(Dataset content):
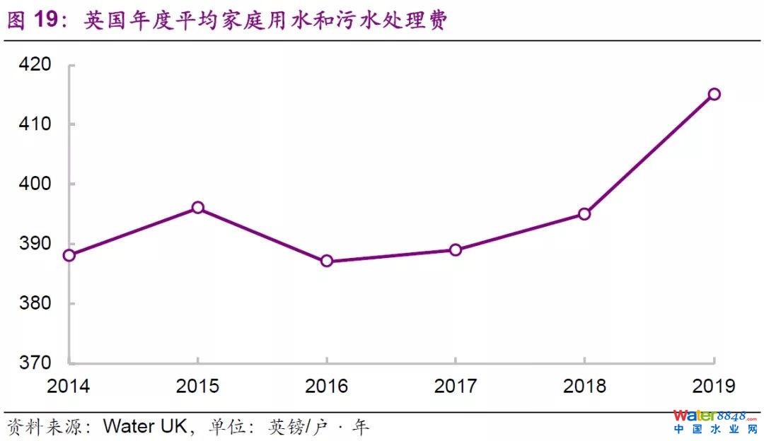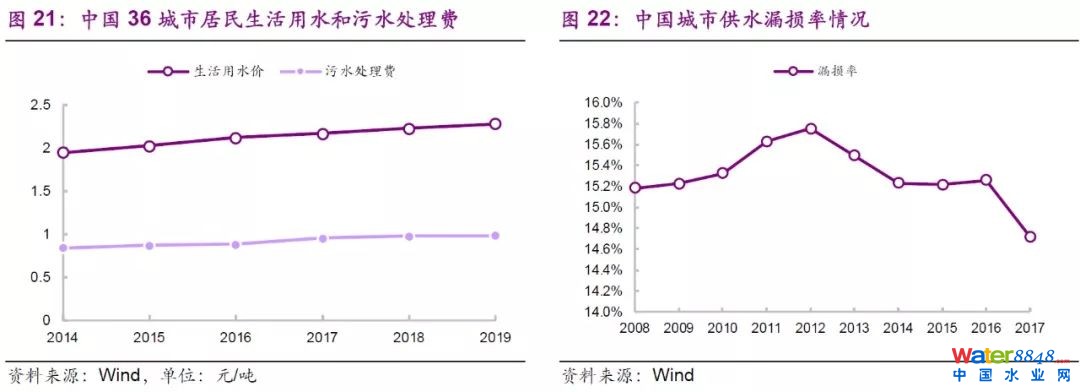 當(dāng)前,中國(guó)水務(wù)行業(yè)的私有化和市場(chǎng)化過(guò)程也在進(jìn)行中。對(duì)于中國(guó)是否會(huì)在不久的將來(lái)也會(huì)出現(xiàn)再公有化的問(wèn)題,我們認(rèn)為可能性較低,原因有以下兩點(diǎn):(1)與英國(guó)的情況不同,中國(guó)政府對(duì)于水價(jià)的監(jiān)管力度更強(qiáng),多年來(lái)水價(jià)平穩(wěn),并沒(méi)有大幅上漲;(2)在政府的嚴(yán)格把控和多方位的技術(shù)支持下,國(guó)內(nèi)漏損率多年來(lái)維持在15%左右,且近年有下降趨勢(shì),而英國(guó)近年的漏損率為20%左右。綜上,我們認(rèn)為中國(guó)水務(wù)行業(yè)未來(lái)有能力繼續(xù)擴(kuò)大市場(chǎng)化程度,且隨著近年來(lái)外資企業(yè)在華業(yè)務(wù)進(jìn)入收縮階段,中國(guó)國(guó)有和民營(yíng)水務(wù)公司仍有較大的發(fā)展空間。
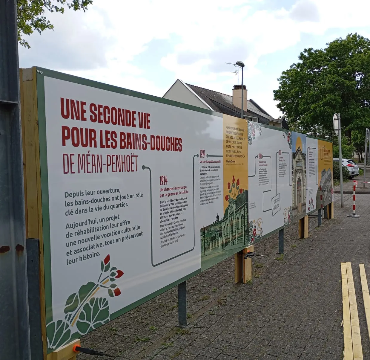 À Saint-Nazaire, le projet de réhabilitation des Bains-Douches de Méan-Penhoët illustre parfaitement comment une signalétique extérieure peut transformer un site en chantier en un véritable support culturel et historique. La Nouvelle Imprimerie a conçu et installé une palissade monumentale qui retrace l’histoire du quartier tout en annonçant la future vocation associative du lieu.
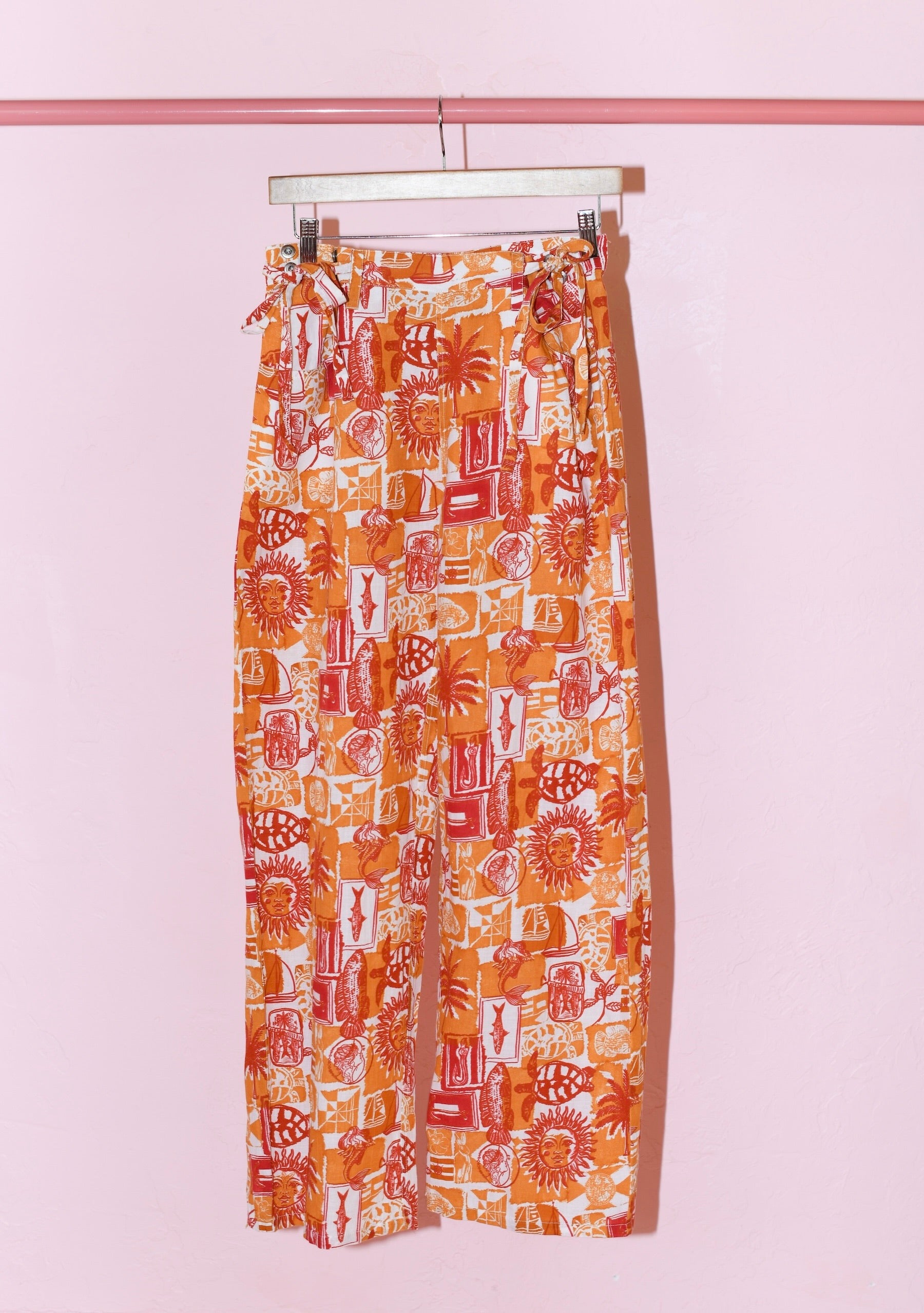 Designed to be flex fit this pant is adorned at the waist band with two sets of snaps on either side of the body. It can be snapped to a S/L fit based on preference and has two ties that create adorable finished bows after snapping! They are based on a tear away pant from the 70s and will be a forever staple! The waist extends to 38” inches when unsnapped and is a forever easy pull on style.

(Task brief): Skipping all images, output the listing exactly.

(Task result):
 當(dāng)前,中國(guó)水務(wù)行業(yè)的私有化和市場(chǎng)化過(guò)程也在進(jìn)行中。對(duì)于中國(guó)是否會(huì)在不久的將來(lái)也會(huì)出現(xiàn)再公有化的問(wèn)題,我們認(rèn)為可能性較低,原因有以下兩點(diǎn):(1)與英國(guó)的情況不同,中國(guó)政府對(duì)于水價(jià)的監(jiān)管力度更強(qiáng),多年來(lái)水價(jià)平穩(wěn),并沒(méi)有大幅上漲;(2)在政府的嚴(yán)格把控和多方位的技術(shù)支持下,國(guó)內(nèi)漏損率多年來(lái)維持在15%左右,且近年有下降趨勢(shì),而英國(guó)近年的漏損率為20%左右。綜上,我們認(rèn)為中國(guó)水務(wù)行業(yè)未來(lái)有能力繼續(xù)擴(kuò)大市場(chǎng)化程度,且隨著近年來(lái)外資企業(yè)在華業(yè)務(wù)進(jìn)入收縮階段,中國(guó)國(guó)有和民營(yíng)水務(wù)公司仍有較大的發(fā)展空間。
 À Saint-Nazaire, le projet de réhabilitation des Bains-Douches de Méan-Penhoët illustre parfaitement comment une signalétique extérieure peut transformer un site en chantier en un véritable support culturel et historique. La Nouvelle Imprimerie a conçu et installé une palissade monumentale qui retrace l’histoire du quartier tout en annonçant la future vocation associative du lieu.
 Designed to be flex fit this pant is adorned at the waist band with two sets of snaps on either side of the body. It can be snapped to a S/L fit based on preference and has two ties that create adorable finished bows after snapping! They are based on a tear away pant from the 70s and will be a forever staple! The waist extends to 38” inches when unsnapped and is a forever easy pull on style.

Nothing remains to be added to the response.